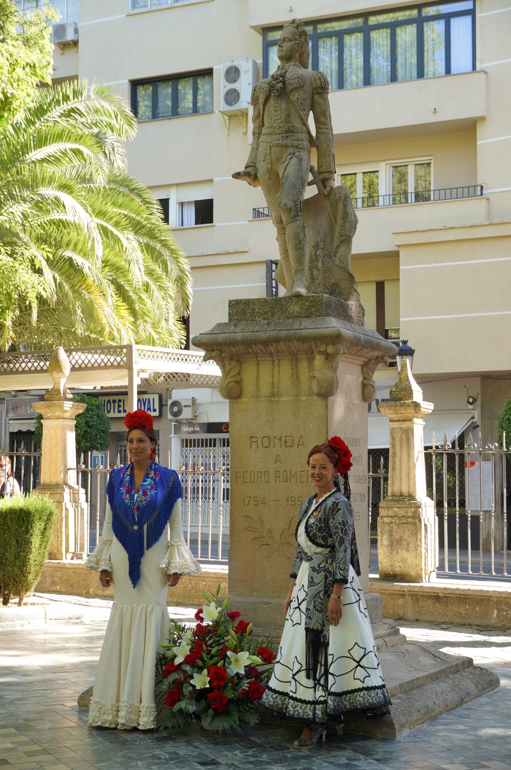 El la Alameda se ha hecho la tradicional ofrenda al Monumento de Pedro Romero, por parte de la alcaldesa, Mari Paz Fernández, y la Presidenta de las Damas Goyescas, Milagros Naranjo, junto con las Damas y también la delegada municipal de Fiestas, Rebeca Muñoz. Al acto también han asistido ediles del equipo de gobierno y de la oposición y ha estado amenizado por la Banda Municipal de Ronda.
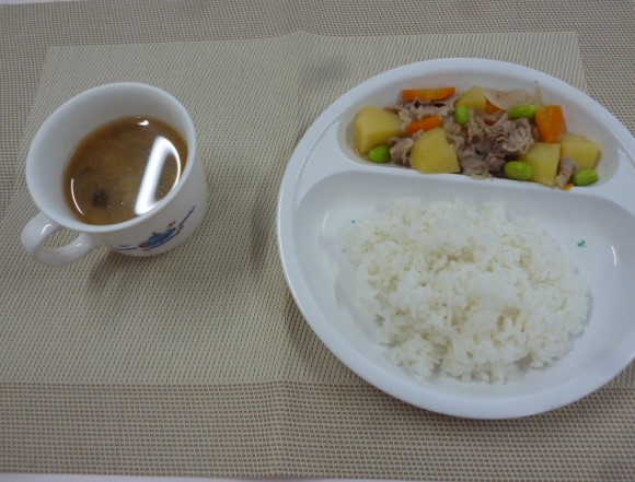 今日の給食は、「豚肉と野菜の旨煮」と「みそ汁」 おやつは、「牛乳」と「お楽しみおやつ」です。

...

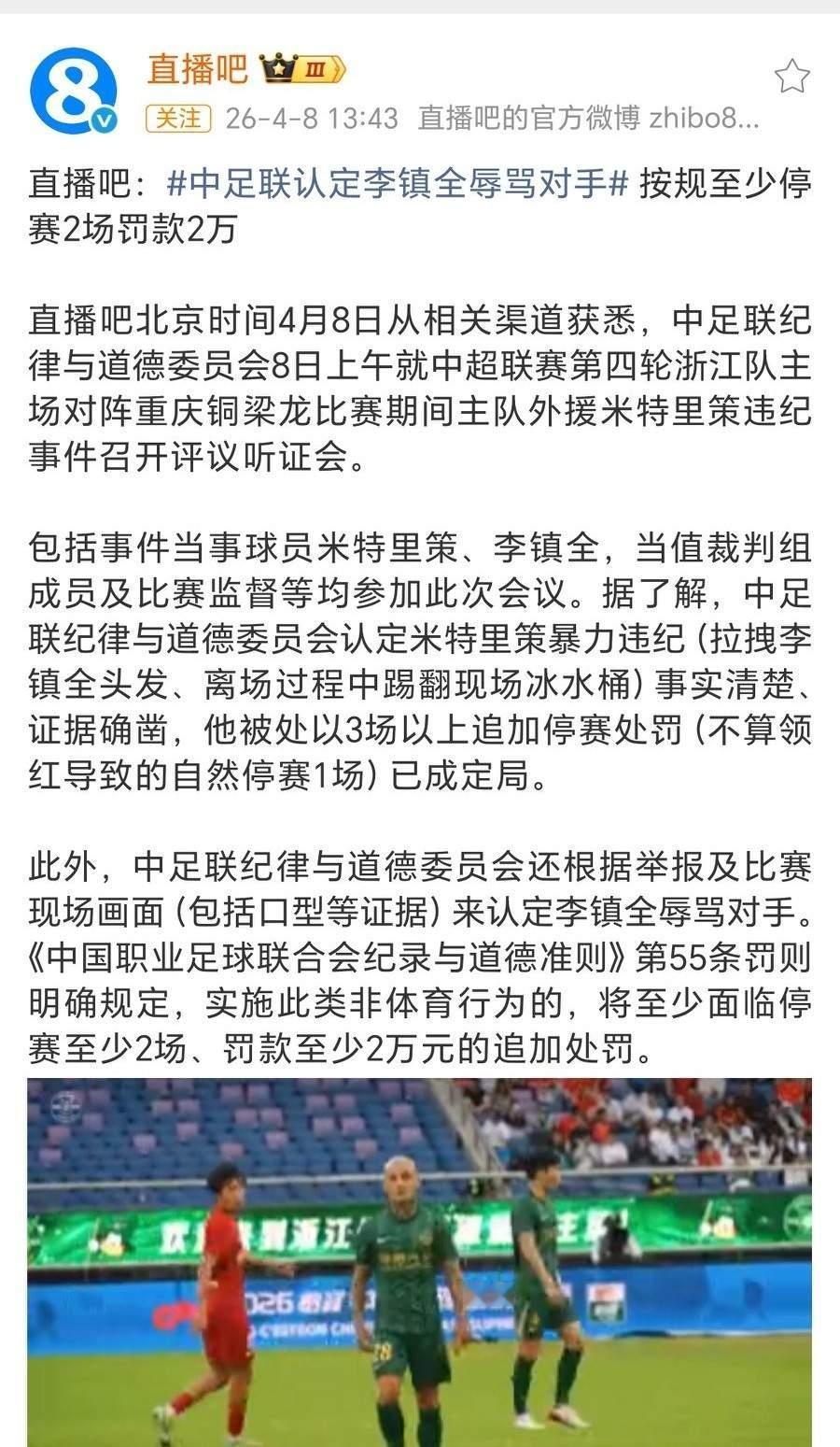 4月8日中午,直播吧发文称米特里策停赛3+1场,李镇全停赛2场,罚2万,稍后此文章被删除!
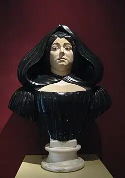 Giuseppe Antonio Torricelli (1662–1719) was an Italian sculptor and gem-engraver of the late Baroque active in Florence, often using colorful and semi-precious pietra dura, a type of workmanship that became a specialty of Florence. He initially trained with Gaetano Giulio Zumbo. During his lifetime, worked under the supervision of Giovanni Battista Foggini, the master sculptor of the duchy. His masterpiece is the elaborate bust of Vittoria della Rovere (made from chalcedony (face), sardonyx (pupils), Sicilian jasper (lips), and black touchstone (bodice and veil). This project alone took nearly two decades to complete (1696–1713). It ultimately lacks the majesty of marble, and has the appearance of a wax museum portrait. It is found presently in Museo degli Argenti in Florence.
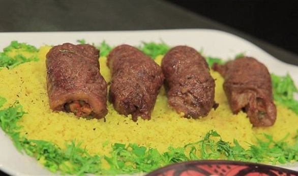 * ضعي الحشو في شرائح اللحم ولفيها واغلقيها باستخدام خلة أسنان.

## WHAT IS REQUIRED
Please transcribe exactly the part of the records that opens with the line containing "El la Alameda" and closes with the line containing "今日の給食は、「豚肉と野菜の", both ends included, and leave out the pictures.

## ANSWER TO THIS TASK
 El la Alameda se ha hecho la tradicional ofrenda al Monumento de Pedro Romero, por parte de la alcaldesa, Mari Paz Fernández, y la Presidenta de las Damas Goyescas, Milagros Naranjo, junto con las Damas y también la delegada municipal de Fiestas, Rebeca Muñoz. Al acto también han asistido ediles del equipo de gobierno y de la oposición y ha estado amenizado por la Banda Municipal de Ronda.
 今日の給食は、「豚肉と野菜の旨煮」と「みそ汁」 おやつは、「牛乳」と「お楽しみおやつ」です。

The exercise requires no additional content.